Your task | For the material below, the expected output is exactly the lines between the line holding "7、同樣的,參照步驟4到6,再ctrl+" and the line holding "대전시교육청, 2000만원 장학금 기탁 받아…저소득층 및 재능우수 학생 지원", inclusive, with pictures left out.

Data for this task |
▽

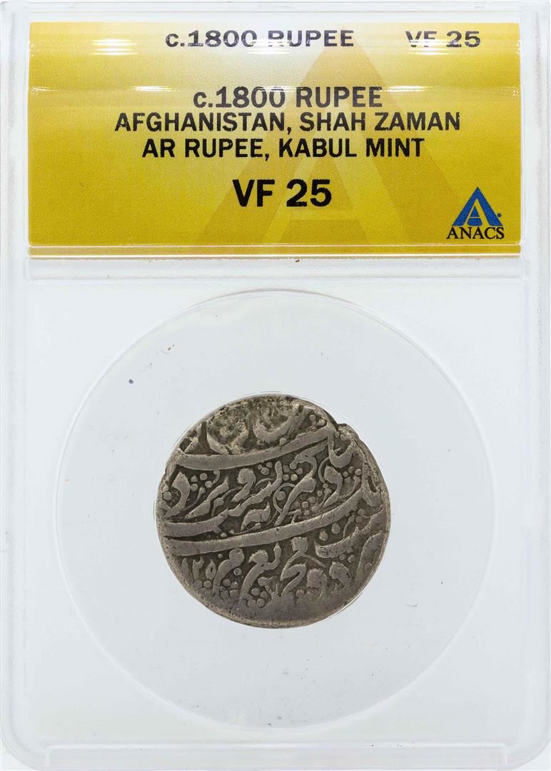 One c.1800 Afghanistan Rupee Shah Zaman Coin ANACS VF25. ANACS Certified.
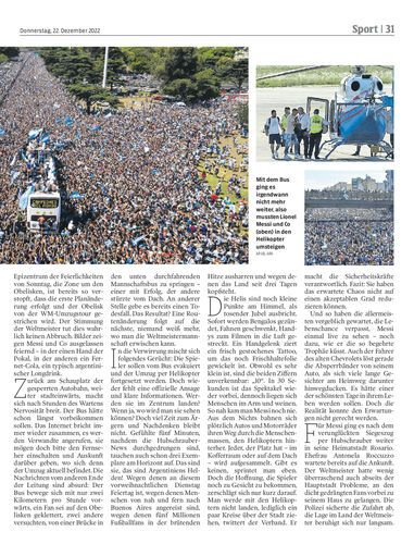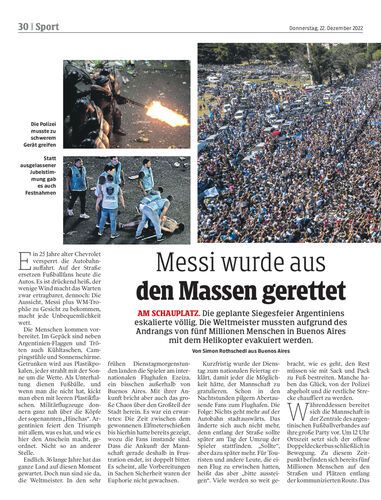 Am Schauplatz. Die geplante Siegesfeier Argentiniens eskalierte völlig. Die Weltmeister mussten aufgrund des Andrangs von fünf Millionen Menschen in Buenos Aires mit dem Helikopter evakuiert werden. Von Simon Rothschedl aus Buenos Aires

△
▽

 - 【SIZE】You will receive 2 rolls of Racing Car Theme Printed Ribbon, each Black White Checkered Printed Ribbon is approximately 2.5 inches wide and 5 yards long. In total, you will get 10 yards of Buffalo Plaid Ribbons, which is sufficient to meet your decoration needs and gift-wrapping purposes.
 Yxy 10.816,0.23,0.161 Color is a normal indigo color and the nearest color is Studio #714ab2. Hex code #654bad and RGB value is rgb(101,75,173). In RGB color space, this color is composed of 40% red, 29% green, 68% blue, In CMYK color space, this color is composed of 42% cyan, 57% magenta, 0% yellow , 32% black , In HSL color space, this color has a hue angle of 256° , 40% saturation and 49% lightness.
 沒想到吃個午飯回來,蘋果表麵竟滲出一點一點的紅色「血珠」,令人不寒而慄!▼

△
▽

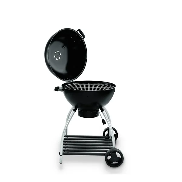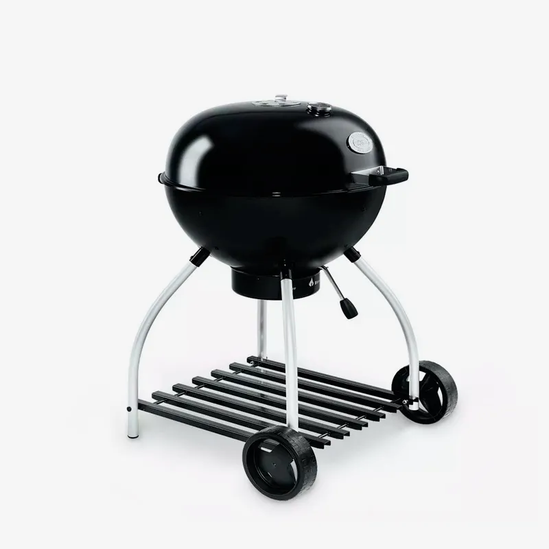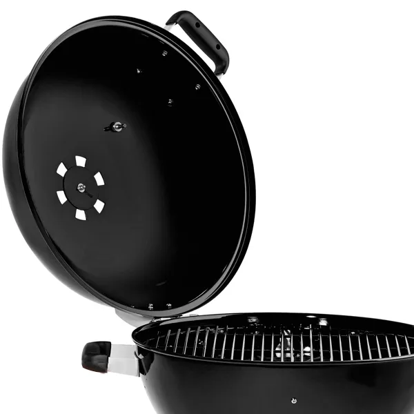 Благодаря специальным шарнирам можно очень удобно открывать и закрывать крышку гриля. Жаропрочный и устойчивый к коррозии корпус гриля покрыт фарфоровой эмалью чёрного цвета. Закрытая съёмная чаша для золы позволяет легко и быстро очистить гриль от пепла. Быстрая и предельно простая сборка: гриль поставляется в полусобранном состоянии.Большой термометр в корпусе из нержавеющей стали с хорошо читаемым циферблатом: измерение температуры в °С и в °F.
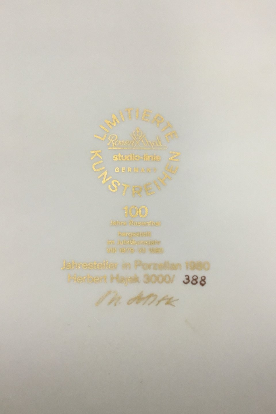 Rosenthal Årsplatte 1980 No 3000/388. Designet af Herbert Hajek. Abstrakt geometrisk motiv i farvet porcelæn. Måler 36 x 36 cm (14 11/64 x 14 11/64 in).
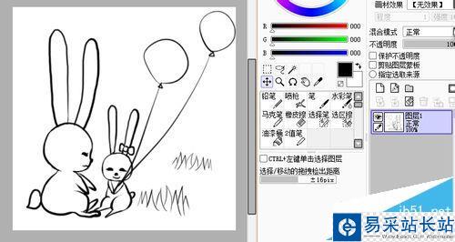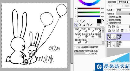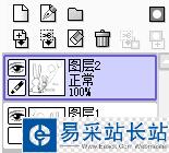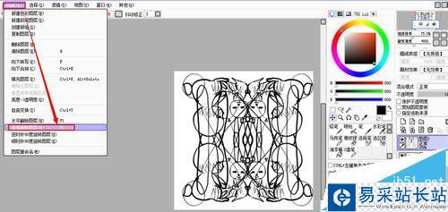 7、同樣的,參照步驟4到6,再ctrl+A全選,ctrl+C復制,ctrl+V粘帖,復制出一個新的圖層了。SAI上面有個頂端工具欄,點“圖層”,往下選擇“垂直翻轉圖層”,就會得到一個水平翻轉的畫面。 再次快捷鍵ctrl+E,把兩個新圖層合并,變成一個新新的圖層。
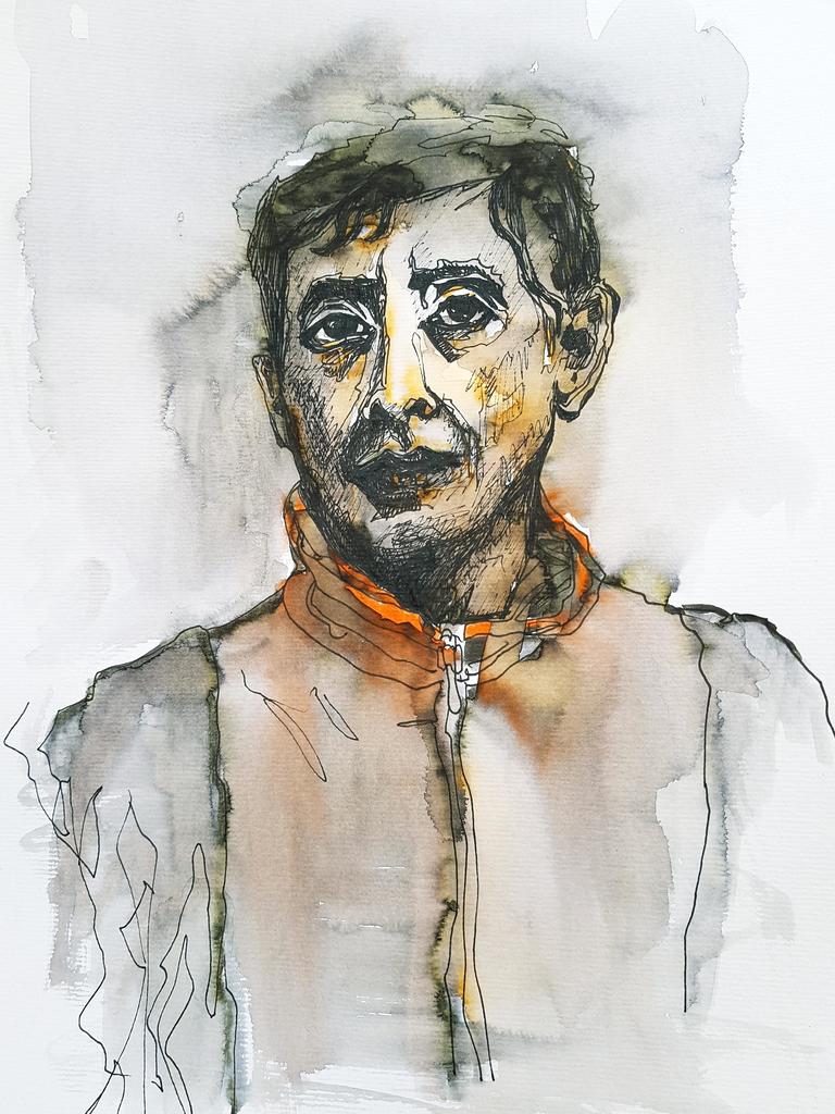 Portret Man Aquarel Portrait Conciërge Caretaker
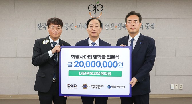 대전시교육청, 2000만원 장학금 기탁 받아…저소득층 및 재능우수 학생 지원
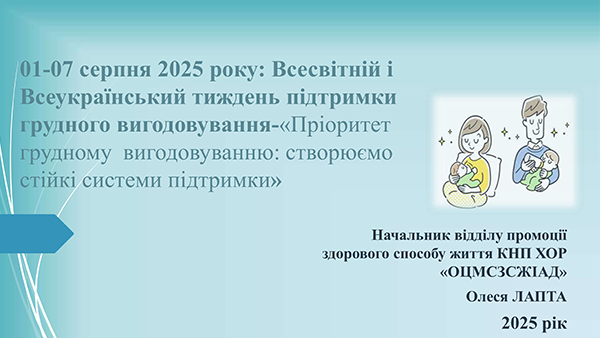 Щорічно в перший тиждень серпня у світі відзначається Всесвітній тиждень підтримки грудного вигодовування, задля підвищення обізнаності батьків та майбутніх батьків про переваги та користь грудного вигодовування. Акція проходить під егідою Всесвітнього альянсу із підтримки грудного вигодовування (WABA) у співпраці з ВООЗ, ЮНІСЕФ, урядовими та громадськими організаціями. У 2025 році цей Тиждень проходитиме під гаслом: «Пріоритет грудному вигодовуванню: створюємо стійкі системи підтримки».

△

Written answer |
 7、同樣的,參照步驟4到6,再ctrl+A全選,ctrl+C復制,ctrl+V粘帖,復制出一個新的圖層了。SAI上面有個頂端工具欄,點“圖層”,往下選擇“垂直翻轉圖層”,就會得到一個水平翻轉的畫面。 再次快捷鍵ctrl+E,把兩個新圖層合并,變成一個新新的圖層。
 Portret Man Aquarel Portrait Conciërge Caretaker
 대전시교육청, 2000만원 장학금 기탁 받아…저소득층 및 재능우수 학생 지원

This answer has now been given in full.